Additionally, either diabetes or hypertension are risk factors for premature labor and PROM [23], and also increase the likelihood of GBS-colonization [10, 15]. These confounding factors not only increase the rate of GBS-colonization, but also induce adverse pregnancy outcomes. Therefore, it is necessary to exclude the confounding factors and to compare a single factor for GBS to confirm the role of GBS in adverse pregnancy outcomes. Moreover, these confounding factors may be the reason for the differences in results between studies.

4.3 GBS with Strong Invasiveness among Frail Children

Most of the GBS-infected neonates had pneumonia, followed by pyemia, bacteriaemia, meningitis, and even death. The emergence of symptoms of infection and death were mostly concentrated within the first 24 hours. There were significant differences in the three indices (gestational age, neonatal birth weight, and Apgar scores), reflecting the health status of newborns among the three groups. Infants with poor basic conditions are concentrated in the infection and death groups.

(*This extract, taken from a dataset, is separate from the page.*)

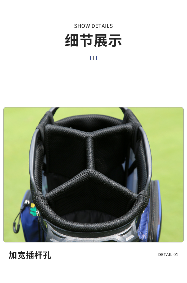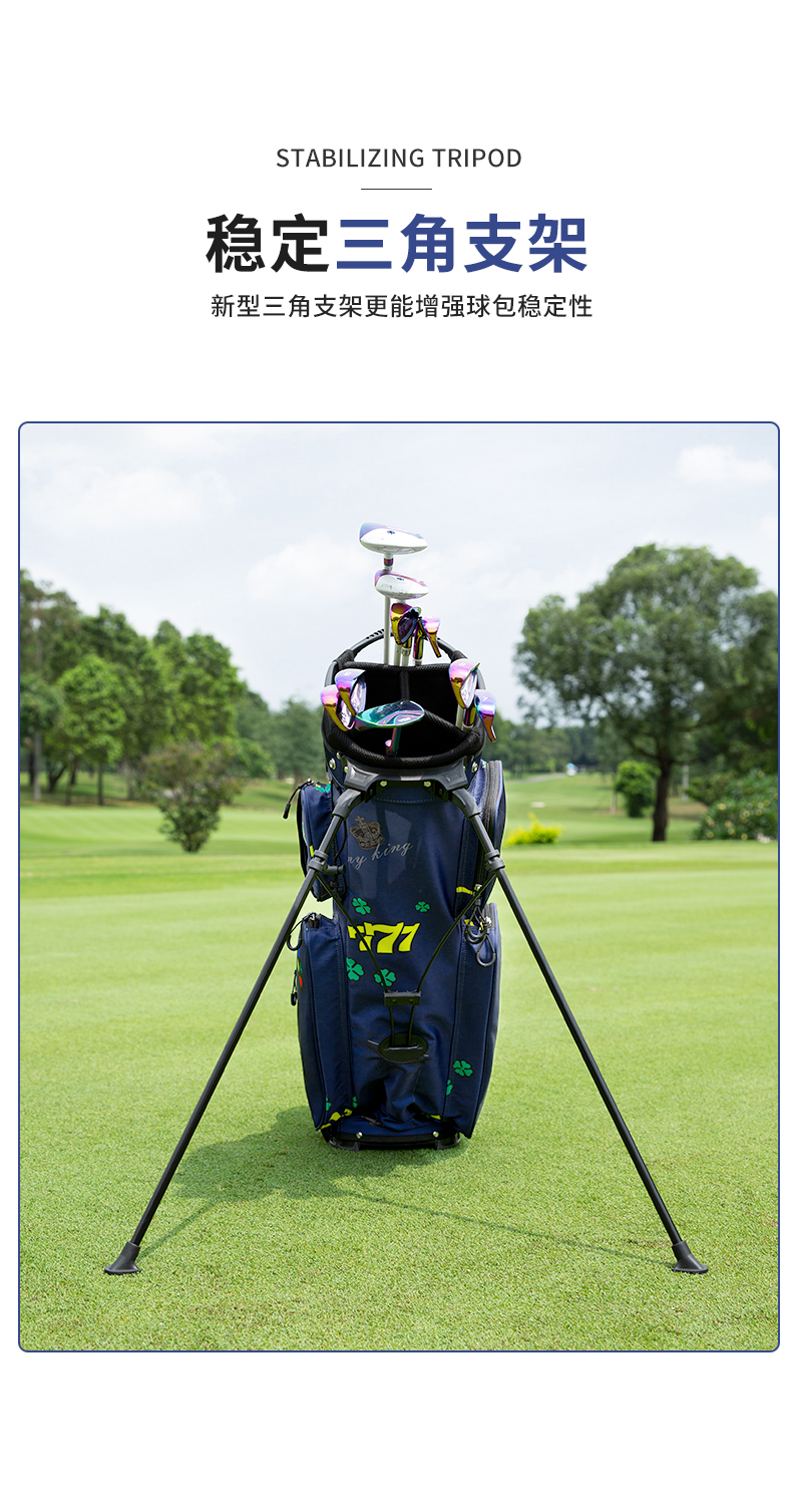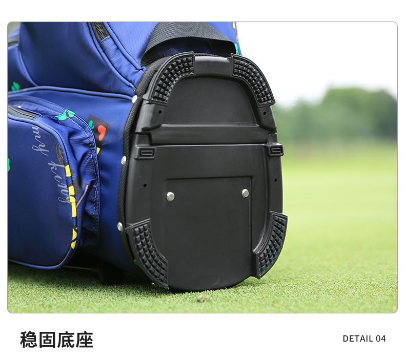 - Phần đế làm từ nhựa cứng giúp túi gậy đứng thẳng vững chắc giúp người chơi thoải mái thao tác lấy gậy ra, cắm vào rất tiện lợi.

In the weight group, there was only a difference between the colonization and death groups. The two dead cases in our study were premature babies with low weight, and similar cases were also reported by Todorova-Christova et al. [24], that low weight at birth or prematurity was confirmed as a substantial risk factor of GBS-infection. In the Apgar score group, there were differences among all three groups. Therefore, we believe that the occurrence and progression of GBS-infections were related to the basic physical health status of newborns, which is consistent with Mousavi et al. [10], which reported that GBS can give rise to life-threatening infections in some vulnerable hosts, especially infants with chronic diseases.

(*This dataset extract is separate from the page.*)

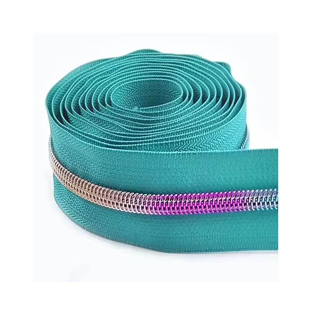 Zips metráž / 5 mm / tyrkysový/ dúhové zúbky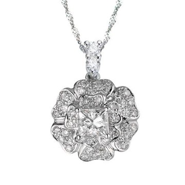 Crossfor 輕奢滿鑽系列 懸浮鑲嵌閃動項鍊 F款-傾心愛慕 日本進口主鑽 s925純銀 項鍊長40+5cm 銀色

4.4 Analysis of GBS Maternal-to-Child Transmission

A difference also existed in the mode of delivery so that the colonization and GBS-infection rates in newborns that were delivered spontaneously were higher than newborns delivered by cesarean section, which is consistent with the results of Verani et al. [3] and Joachim et al. [25]

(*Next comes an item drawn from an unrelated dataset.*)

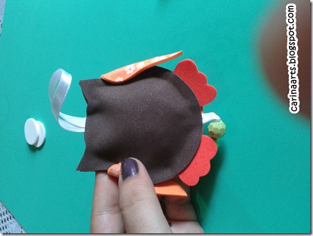 9º - agora, com pedacinhos de EVA, vamos encher a nossa corujinha:

In the GBS-colonization site group, most of the rectovaginal-positive mothers caused vertical transmission (37.5%, 18.75%, and 2.08%). Three GBS-positive newborns were born from GBS-negative mothers, which confirmed the intermittent and transient nature of GBS-colonization [11, 26]. Of the 48 GBS-positive newborns, the mothers of 15 did not have GBS screening or had false-negative results, thus accounting for 57.7% (15/26) of infected children and the infection rate was higher than the newborns from the maternal screening group, which confirmed that prenatal screening of GBS is beneficial to reduce GBS-infections in neonates.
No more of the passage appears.